The acquisition market for federal contractors is booming. Acquisition can provide a buyer the opportunity to target its growth strategically by acquiring the seller’s past performance and experience, in addition to gaining the seller’s personnel and resources. Of course, part of what makes a seller attractive is the contracts found in its portfolio. While the government does not officially condone the “buying and selling” of federal contracts, a contract may be novated after an acquisition if the buyer has acquired all of the seller’s assets or has acquired the entire portion of the seller’s assets involved in performing the contract. Novations are necessary after acquisitions where the seller (or acquired assets or division of the seller) will be merged into the buyer and not be held as a separate subsidiary, so the seller’s contracts implicated by the acquisition can continue to be performed and administered under the buyer’s name.
One of many ways that U.S. General Services Administration (“GSA”) Schedule contracts differentiate themselves from other types of federal procurements is through a variety of unique issues arising in the novation process.
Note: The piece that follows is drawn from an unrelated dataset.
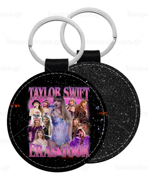 Taylor Swift, Μπρελόκ Δερματίνη, στρογγυλό ΜΑΥΡΟ (5cm)

Perhaps most significantly, GSA has taken the position that it will not novate task orders awarded under a Schedule contract separately from the Schedule contract itself—the entire Schedule contract, including all task orders awarded thereunder, must be novated wholesale to a buyer. This makes it difficult for buyers to target the acquisition of a specific task order under a Schedule contract, no matter how large the dollar value of the task order or readily segregable its performance from the seller’s remaining contractual portfolio.
To support this position, GSA relies on a case from the U.S. Government Accountability Office (“GAO”), AllWorld Language Consultants, Inc., B-411481.3 (2016). In AllWorld, GAO held that task orders issued under Schedule contracts “are not themselves stand-alone contracts” because the terms and conditions of the underlying Schedule contract govern the contractor’s and government’s rights and obligations with respect to the task order. Based on this principle, GAO found that the ordering agency’s award was unreasonable in part because the awardee’s Schedule contract was set to expire before all of the task orders’ option periods could be exercised—option periods under a task order cannot be exercised without the underlying Schedule contract still being valid and effective.
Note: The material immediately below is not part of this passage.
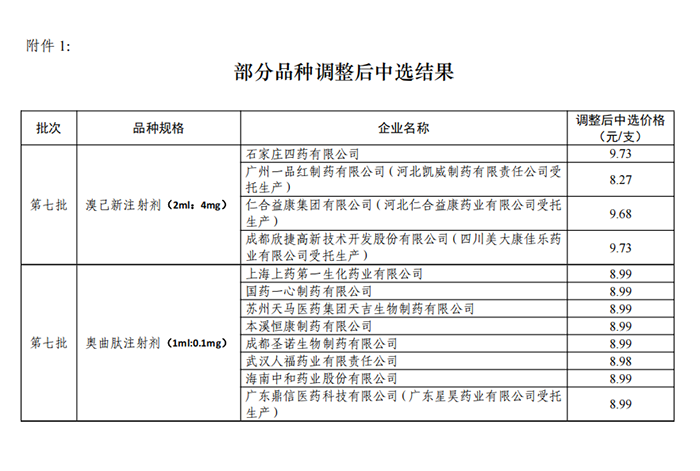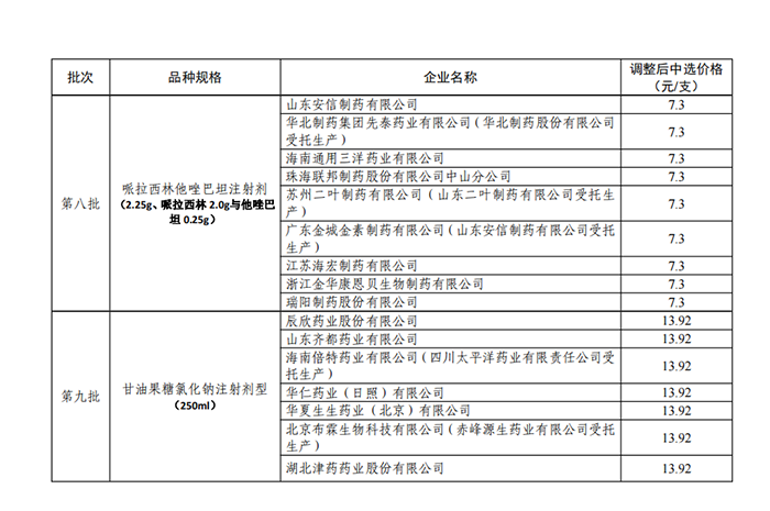 近日,我辦收到國家組織藥品集中采購部分中選企業(yè)自主降價(jià)承諾函,涉及溴己新注射劑、奧曲肽注射劑、哌拉西林他唑巴坦注射劑、甘油果糖氯化鈉注射劑型4個(gè)品種。按照《全國藥品集中采購文件》有關(guān)規(guī)定,現(xiàn)對(duì)上述4個(gè)品種的中選價(jià)格予以調(diào)整,請(qǐng)國家組織藥品聯(lián)合采購辦公室各成員單位于2024年5月1日起執(zhí)行新的中選價(jià)格。

Notably, the decision in AllWorld was not rendered in the context of a contract novation. Nevertheless, GSA has extended this concept from AllWorld for the proposition that it (GSA) cannot allow the novation of task orders separate from a GSA Schedule contract, even in a situation where the buyer has the same Schedule contract, with identical terms and conditions to the seller’s. All of the task orders issued under the Schedule contract must be novated along with the Schedule contract itself, or no novation will be approved. But, GAO did not hold in AllWorld that a task order could not be novated from one schedule holder to another. In the case of a novation of a task order from one schedule holder to another, the task order will not exist independent of the Schedule—it will continue to exist tied to the Schedule of the buyer. Therefore, AllWorld does not prevent GSA from permitting novations of task orders from one schedule holder to another, but this is how GSA has interpreted it.
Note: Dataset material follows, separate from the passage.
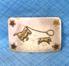 Cowboy Calf Roper Belt Buckle Gem Mounts Western Floral Scroll Vtg .gmp581
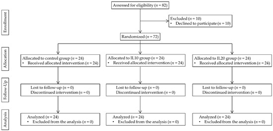 In total, 82 patients were assessed for eligibility, and 72 were enrolled in the study. All patients completed the study, and there were no missing or lost data. The study flow chart is presented in Figure 1.

In practice, this policy poses problems for buyers acquiring specific assets without buying the seller’s entire organization. For example, a buyer might want to acquire a distinct division of a seller that specializes in work performed with a specific federal agency. Even though this division might be otherwise segregable from the seller’s other operations, GSA would not novate the Schedule task orders awarded to the seller and performed by this division unless the buyer acquired the seller’s entire Schedule contract. This means that the seller would need to be willing to part with its entire Schedule contract, including other task orders awarded by different federal agencies that fall outside the assets it had initially targeted for acquisition, as the entire Schedule contract would need to be acquired by the buyer for GSA to approve the novation. This result inhibits the ability of a buyer to target a specific division or specific assets of a seller involved in the performance of task orders if its entire Schedule contract is not also being sold.
Another issue that arises in the acquisition of Schedule contracts is the purchase of “empty” vehicles, where the seller has not been awarded any task orders. GSA has taken the position that it will not novate empty Schedule contracts because no “assets” of the seller are involved in contract performance—under the FAR, novation approval requires a buyer to acquire all of the assets involved in contract performance. This hinders sellers from capitalizing on otherwise valuable Schedule contract vehicles that they perhaps no longer need or have been unable to market to contracting agencies successfully.
As described above, GSA’s novation policies present very real road blocks during the acquisition process. It is important for contractors to be mindful of these limitations when structuring their acquisitions, so an otherwise successful deal is not killed when GSA denies a novation after closing.